2.4. Data Collection and Analysis
The data was collected using a 22 channel spectrometer fNIRS device (Optical Topography System ETG-4000—Hitachi Medical Corporation, https://www.hitachi-medical.com.sg/solutions/etg-4100). A computer was placed in the adjacent room to present the task stimuli using E-Prime 2.0 software (Psychology Software Tools, Inc. http://www.pstnet.com, PA, USA) and to collect participants’ responses (accuracy) and reaction times (RTs).

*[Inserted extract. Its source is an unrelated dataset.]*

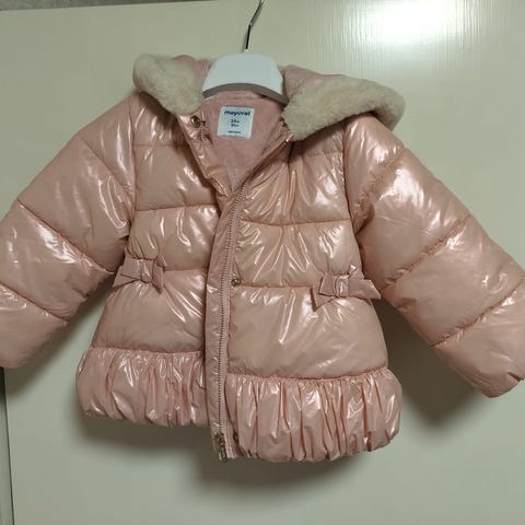 Toppatakki koko 92. Ollaan itse lisätty hihoihin resorit, jotta meni yhden talven enemmän. Siistimpänä takkina pidetty.

Cerebral oxygenation changes were sampled by fNIRS device. The system is a continuous wave device which measures changes in attenuation at 2 wavelengths: 695 nm, ±20 nm (sensitive to HbR concentration changes) and 830 nm ± 20 nm (sensitive to HbO concentration changes), hence allows for the differentiation of two dynamic absorbers (oxy-Hb and deoxy-Hb). The fNIRS data was recorded at 10 Hz and high-pass filtered at 0.5 Hz to remove physiological noise (especially heart rate). A 3 × 5 array of 8 laser diodes and 7 light detectors was applied, resulting in 22 channels placed over the left side of the participant’s head (see Schema in Figure 2(A)). Two different helmet sizes were used (57 and 59 cm) depending on the head circumference of the participants. The probe array was positioned on the subject’s head with the medial detector of the lowest optodes row between FT9-T9 according to the extended 10 - 20 system (Fisch, 1991) as illustrated in Figure 2(A) (here 20 - 21). The name 10 - 20 refers to the fact that electrodes in this system are placed at sites 10% and 20% from four anatomical landmarks: in the front, the nasion is used, in the rear of the head, the inion, and the midpoint of the distance between the two ears of the subject. Hair around sources and detectors was parted to avoid interference with light emission and detection. All sources and detectors were placed over the left hemisphere, on cerebral regions classically involved in reading processes: Broca’s (around F3, FC3, F5, and FC5: here channels 5, 6, 10, 11), Wernicke’s (around P5, CP5-CP7: channels 12, 13, 17) and occipito-temporal areas (visual word form area: T9-P9 here channels 21 - 22). The source-detector distance was 3 cm one from each other.
Behavioral Data analysis: the mean reaction time (RT) for correct responses and accuracy (%) were computed separately for each condition and participant. Statistical analysis were afterwards performed on these measures using 3 × 2 repeated measures analyses of variances (ANOVA) with language condition (LA-HF, LA-LF and SA-HF) and condition (activation vs. control) as a within subject factor.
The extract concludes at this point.